El resultado, a su juicio, es una dispersión que no equivale a pluralismo político genuino: «Hay mucha pluralidad, mucha heterogeneidad, y no hay lazos políticos entre las organizaciones que han llegado al poder. Creo que, en el país, hasta ahora, lo que ha habido simplemente han sido proyectos electorales”.
Derrumbe hegemónico
Saavedra lee el mismo fenómeno con una metáfora más dramática. «El derrumbe hegemónico», lo llama. «Ha sido un derrumbe en las nacionales y en la pérdida del poder territorial luego. Muy complejo para el masismo. Todo lo que conocíamos como hegemonía política ha terminado derrumbándose y ha dejado un vacío muy grande en la política nacional”, observa. Ese vacío, agrega, no fue llenado por la oposición. «Uno de los otros problemas que tuvo el bloque opositor es que giraba mucho en torno a los errores que el MAS cometía, pero no logró construir una propuesta propia”.
Las elecciones subnacionales de marzo de 2026 ratificaron esa lectura con datos contundentes: de las 181 siglas que participaron en todo el país —un 34% más que en 2021—, la aplastante mayoría quedó sin gravitación real. La derecha ganó seis de las nueve gobernaciones, pero sin que ningún partido se consolidara como referente nacional. El campo popular se impuso en más de 160 municipios, pero también disperso bajo múltiples banderas. El gobierno de Paz, que había apostado a mucho, cosechó apenas dos gobernaciones.
La erosión del debate público
Detrás de la dispersión electoral hay una historia más larga: la del vaciamiento progresivo del debate político boliviano. Valverde la traza con precisión. «Se ha degradado y ya tocamos fondo varias veces. No ha habido una reconstrucción de las instituciones políticas, ni del diálogo político, ni del argumento político. Es la fuerza bruta, es el argumento polarizante”, lo que se impone.

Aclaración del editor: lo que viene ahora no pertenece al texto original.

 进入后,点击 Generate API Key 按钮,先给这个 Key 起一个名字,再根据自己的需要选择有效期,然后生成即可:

Saavedra sitúa el punto de quiebre en el momento en que el MAS agotó su horizonte ideológico. «Hoy día hay más consignas, pero no hay mirada de horizonte de futuro, ni en el oficialismo ni en la oposición. Todo es muy coyuntural”. El proceso fue gradual. Tras el cierre de la Asamblea Constituyente y la proclamación de la agenda del bicentenario, el debate fue perdiendo profundidad hasta reducirse a la polarización en torno a la figura de Evo Morales, empeorando luego del referéndum del 21 de febrero de 2016. «Lo de Evo fue una discusión sobre el abuso de poder. Creo que el gran error histórico del MAS fue, primero, la postulación de Evo Morales por encima del 21F; y el segundo gran error fue la disputa fratricida y la fragmentación del bloque popular», dice Saavedra.

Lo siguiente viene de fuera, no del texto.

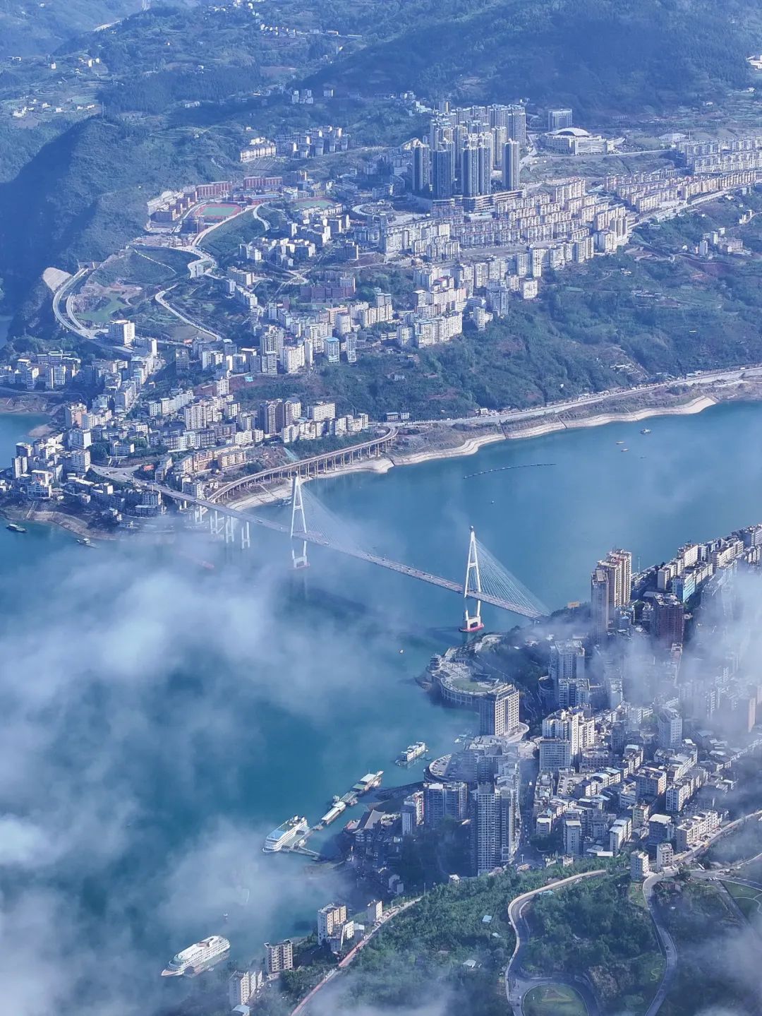 在湖北省巴东县巫峡口景区拍摄的巴东长江大桥景色(无人机照片)。新华社发(赵军 摄)

Esa fragmentación interna del masismo, lejos de abrir paso a un debate renovado, hundió aún más la calidad de la discusión pública. «Son las redes sociales las que han enturbiado todo el escenario», apunta Valverde, «y de eso no hay forma de salir. Mientras tengamos un sistema político con organizaciones improvisadas, con dueños y sin debate, eso no va a cambiar”.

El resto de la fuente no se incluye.